This is what Europe’s monetary pipeline zombies look like:

From SocGen:

The European Central Bank reported that money supply growth (M3) in the euro area decelerated further in October, dropping to an annual rate of 1.4% – the slowest pace of increase in two years – well below the ECB’s 4.5% reference target. The flow of credit to the private sector dropped by 1.7% yoy (adjusted for securitization and sales), down from 1.6% in September.

While the credit impulse to households remains low but positive (0.1% yoy), the fall of credit to corporates (-3.7% yoy) confirms that we are heading towards a creditless recovery, where investment will not be an engine of growth. Of note, the picture is once again one of fragmentation. While the French corporate sector proved rather resilient to credit crunch, the total amount of loans to corporates plunged by 5.7% yoy in Italy, 6.6% in Portugal, and 19.3% in Spain.
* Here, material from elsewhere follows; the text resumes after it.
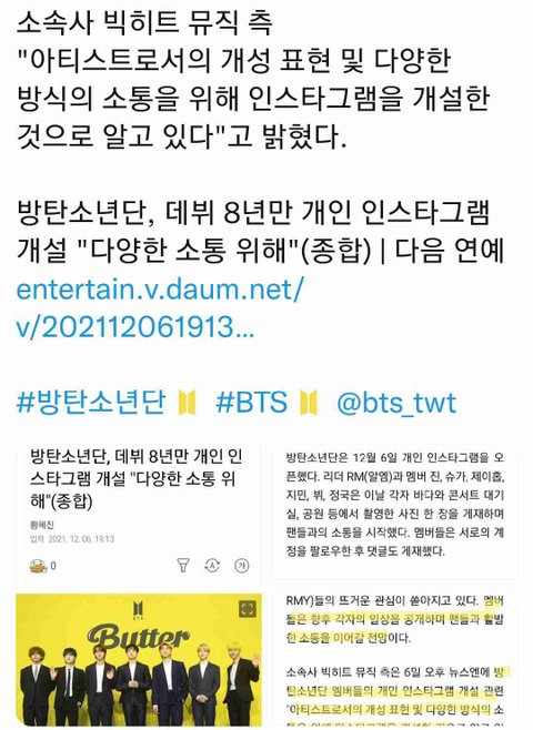 나 지금 아직도 안 믿겨 방탄이? 개인 인스타를?? ㅋㅋㅋㅋ

Buzzzz, wrong. In a Keynesian world there is no such thing as a creditless recovery: something Goldman’s operative in the ECB knows well, and why the ECB may truly use the nuclear option, and opt for negative deposit rates probably after a conditional LTRO or another 15 bps repo rate cut, but potentially as soon in the next month or two, as it has tried everything else, aside from outright QE, which however would mostly benefit Germany’s asset holders and do nothing to stimulate credit growth (see the US for 5 years worth of proof).

As for the European fragmentation in the loan creation department, our condolences to Spain because no amount of employment data falsification or Rajoy propaganda can undo the devastation left from an ongoing 20% crash in credit creation.

And the punchline:

In conclusion, even SocGen is now pessimistic that anything the ECB does will have much of an impact on the credit implosion that is Europe: "Yet, it is not clear to us how a movement in overnight deposits would be such as to stimulate investment. What we rather see is that the flow of credit remains negative, which suggests that the strong recovery in investment everyone expects is unlikely to happen for, at least, six to nine more months."

How surprising: "everyone" as usual has zero understanding of how money and credit creation truly work, and just regurgitates whatever the guy next door has said. Alas, that will not help Draghi in his fight against monetary zombocalypse.